Measuring the rate of manual transcription error in outpatient point-of-care testing

Abstract

Many point-of-care laboratory tests are manually entered into the electronic health record by ambulatory clinic staff, but the rate of manual transcription error for this testing is poorly characterized. Using a dataset arising from a duplicated workflow that created a set of paired interfaced and manually entered point-of-care glucose measurements, we found that 260 of 6930 (3.7%) manual entries were discrepant from their interfaced result. Thirty-seven of the 260 (14.2%) errors were discrepant by more than 20% and included potentially dangerous mistranscriptions. An additional 37 (14.2%) errors were due to inclusion of non-numeric characters. Staff-entered result flags deviated from the result flag generated in the laboratory information system in 5121 of 6930 (73.9%) pairs.
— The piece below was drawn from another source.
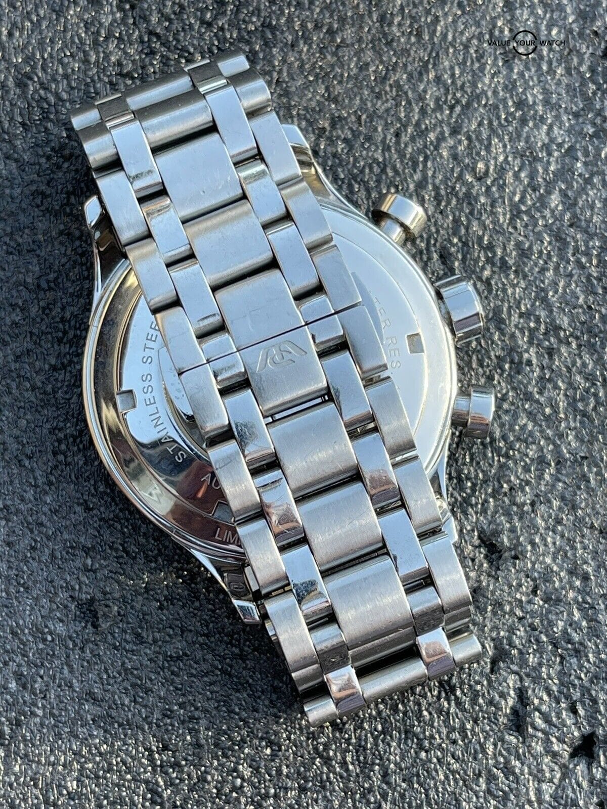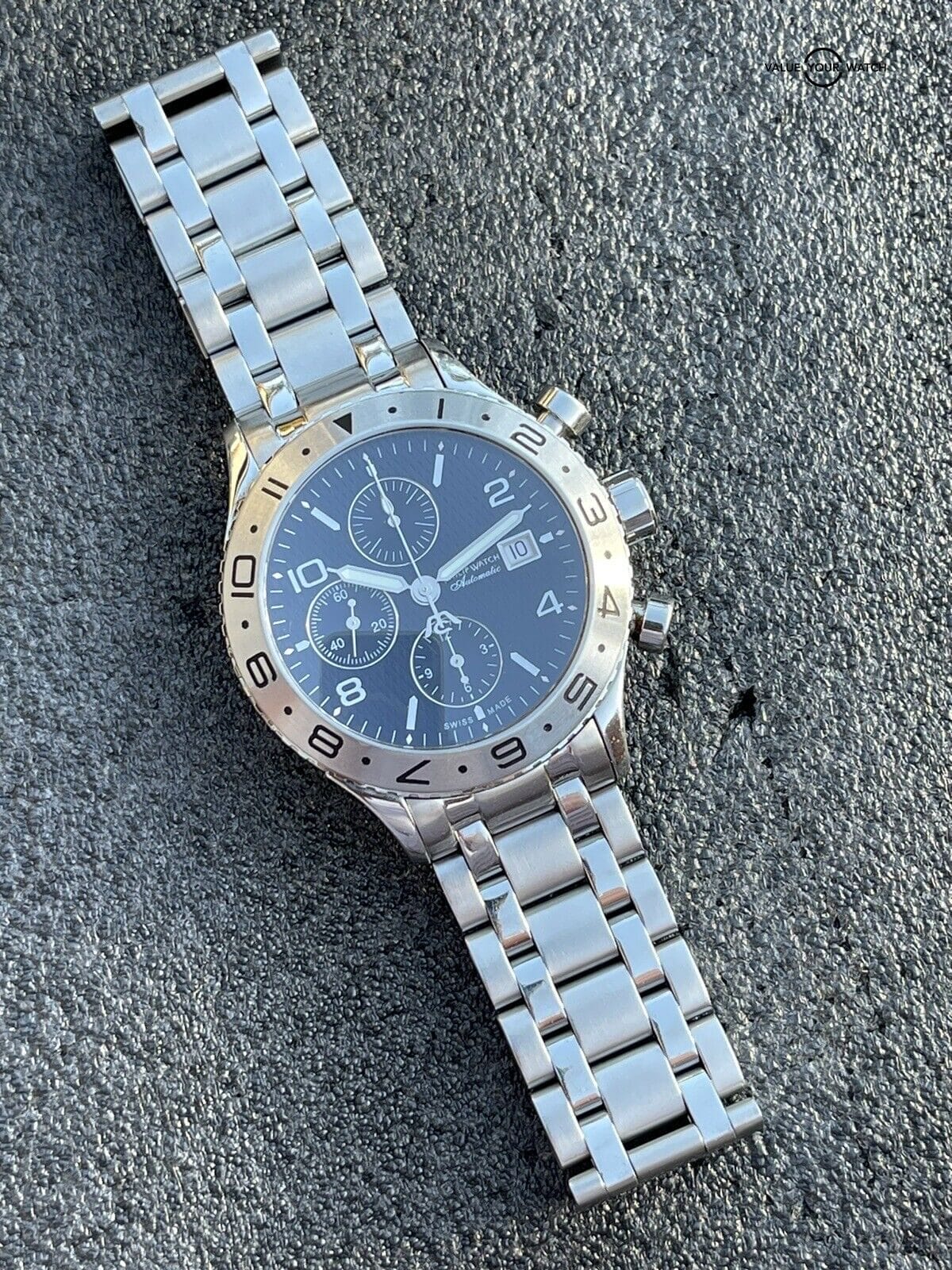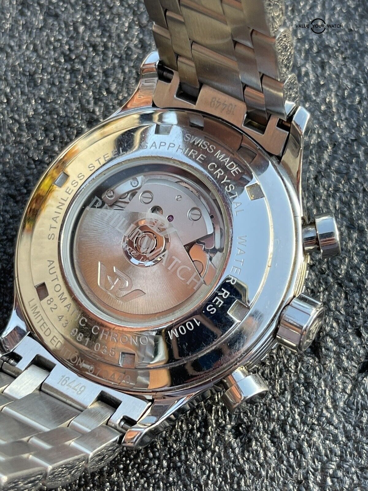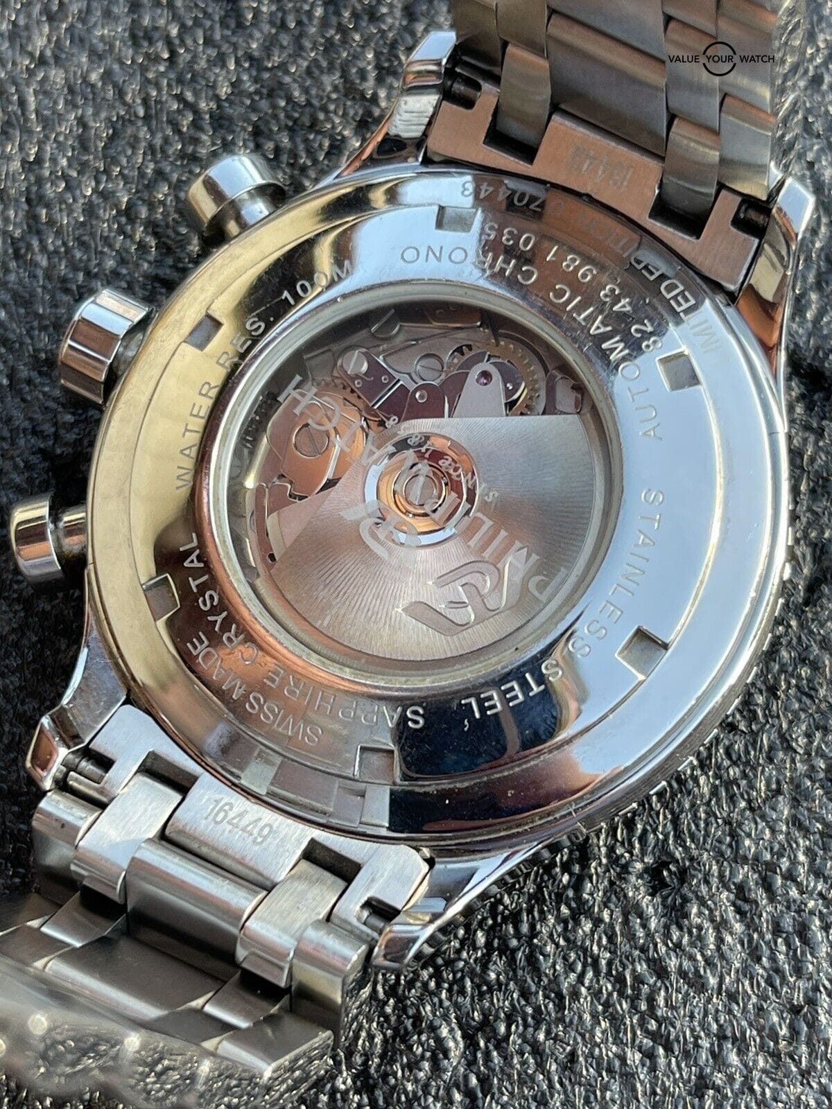 Here is a limited edition Philip Watch Admiral Blue Waffle Dial Automatic Chronograph Watch. This is from a military pilots estate sale.

These data demonstrate that clinically significant discrepancies for clinic-entered point of care results occurred at a rate of approximately 5 per 1000 results and they underline the importance of interfacing instruments when feasible.

Figure 1.

Clarke error grid comparing discrepant interfaced glucose results to manual-entry glucose results. A Clarke error grid assigns risk categories to discrepancies between 2 methods. Region A describes events within 20% of each other, whereas region B describes a discrepancy >20% but one unlikely to lead to clinical harm. Region C identifies discrepancies that may lead to unnecessary treatment. Region D describes events in which hyperglycemia or hypoglycemia was missed, and region E identifies cases in which there was outright confusion between hyperglycemia and hypoglycemia. A total of 14.2% of errors (0.5% of all events) were outside region A of the Clarke error grid, and several events had risk of mistreatment on the basis of mistranscribed values.